BELGIQUE | dimanche 29 janvier 2012 à 14h57

  • La grève de ce lundi était évidemment au centre des débats de Mise au Point ce dimanche midi. À quelques heures de ce rendez-vous, les syndicats défendent le mouvement, les politiques le comprennent et le patronat l'attaque. Comme souvent. Une seule chose est certaine: le gouvernement, qui devra prochainement trouver des dizaines de millions, ne touchera pas à l'index. Pas sûr que cela suffise à calmer les esprits.

    La grève générale paralysera le pays ce lundi. Un mouvement légitime ou irresponsable ? Les avis divergent. Sur le plateau de Mise au Point ce dimanche midi, les syndicats ont expliqué vouloir simplement faire entendre leur voix et s’opposer aux mesures d’austérité planifiées par le nouveau gouvernement.

    "L’austérité, ce n’est pas la solution, l’austérité, c’est le problème", assène d’entrée Anne Demelenne. Et la responsable de la FGTB de prendre pour exemples d’autres pays européens (comme le Royaume-Uni) dans lesquels les mesures d’austérité n’auraient fait qu’aggraver la situation. "Ceux qui pensent que l’austérité va nous permettre, à terme, de redémarrer et de faire en sorte de relancer l’économie se trompent", annonce celle qui estime que "la grève est inévitable".

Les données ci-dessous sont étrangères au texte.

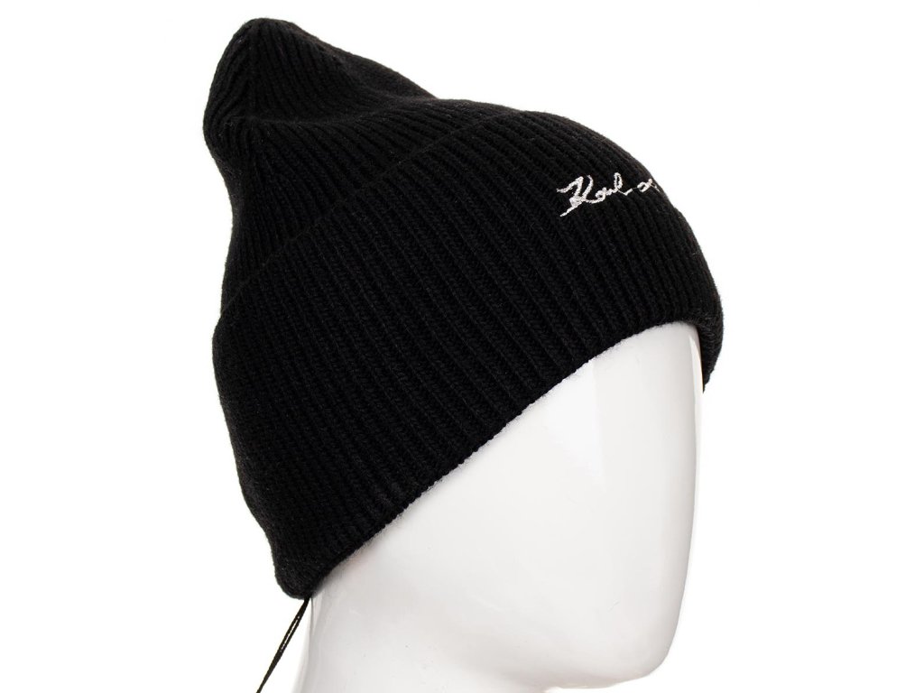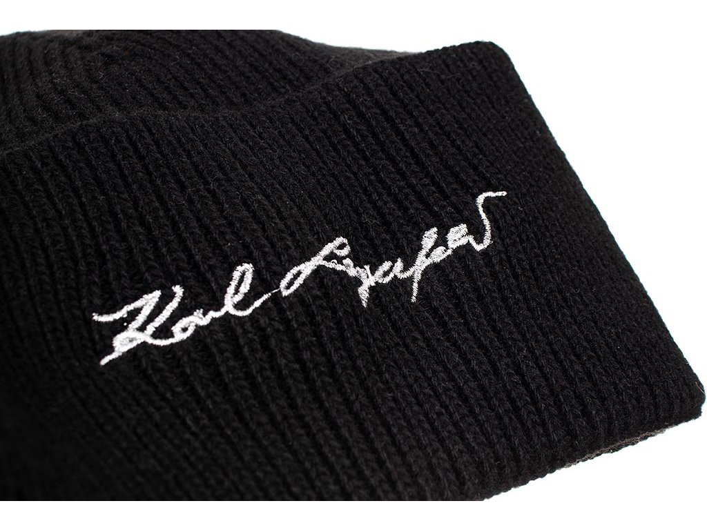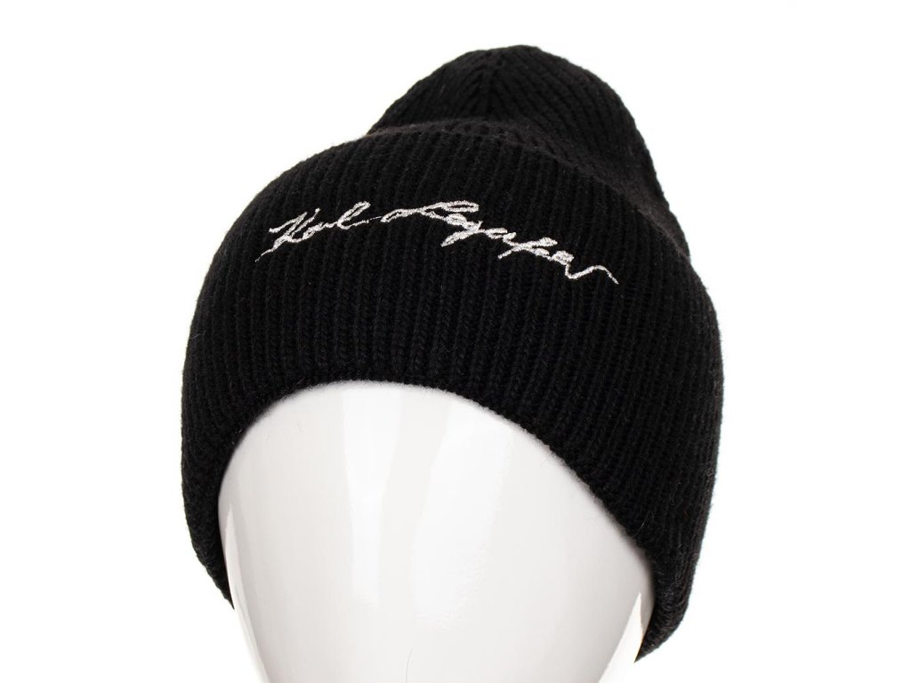 Dámská čepice Karl Lagerfeld z příjemného žebrovaného materiálu v černé barvě se stříbrně vyšitým logem.

    Son collègue de la CSC ne dit pas autre chose lorsqu’il indique que la grève n’est qu’une réponse à l’inaction des dirigeants. "Nous avons dit clairement qu’il y avait une série de choses qui étaient inacceptables pour nous", rappelle Claude Rolin. "Nous l’avons dit à la rentrée sociale. Nous l’avons dit lors d’une concertation avec plus de 6000 militants. Ils étaient aussi plus de 80 000 dans les rues de Bruxelles pour leur dire. Et tous ces messages-là ont reçu quoi comme écoute, comme entente ? Rien !"

    Une catastrophe pour l'image du pays (FEB)

    Sur le banc patronal, on n’est évidemment pas d’accord avec ces déclarations. "Cette grève est inutile, non-justifiée et irresponsable", résume Rudy Thomaes, administrateur délégué de la FEB. Et d’indiquer que la grève aura notamment un impact "catastrophique" en termes d’image pour la Belgique. "Chacun a le droit de faire grève mais aussi l’obligation de se demander si c’est un acte responsable. Et j’en doute…"

    Les membres de la majorité gouvernementale présents sur le plateau de la RTBF assurent respecter le choix des travailleurs qui feront grève ce lundi. Laurette Onkelinx, fille de syndicaliste, note que ni les citoyens belges ni le gouvernement fédéral ne sont responsables de la situation délicate actuelle. Et la ministre PS de pointer du doigt l’Europe. "Il y a une angoisse par rapport à ce qui se passe au niveau européen, où à chaque fois on demande des mesures fortes, sans proposer une alternative en termes de croissance et d’emploi", note-t-elle.

    Olivier Chastel (MR) estime quant à lui que les syndicats se trompent lourdement lorsqu’ils évoquent des mesures d’austérité lourdes et anti-sociales. "Ce gouvernement a pris des engagements de retour à l’équilibre budgétaire en 2015. Et pour ça, il faut prendre un certain nombre de mesures. À côté de cela, le gouvernement a mis en place un certain nombre de réformes. Sans réformes, c’est la pérennité de notre système de sécurité sociale qui est mise en cause. C’est aussi simple que cela", note le Carolo.

    Un gouvernement "aveugle et sourd" (CSC)

    Pour le ministre du Budget, la réaction des travailleurs est surtout inappropriée. "Cette grève s’attaque à un gouvernement, probablement le seul d’Europe, qui garantit de ne pas augmenter l’âge de la retraite, qui garantit l’indexation automatique des salaires et qui garantit le caractère non-limitatif dans le temps des allocations de chômage. Est-ce que vous connaissez un autre gouvernement en Europe qui garantit jusqu’à la fin de la législature ces trois éléments-là ? Aucun !"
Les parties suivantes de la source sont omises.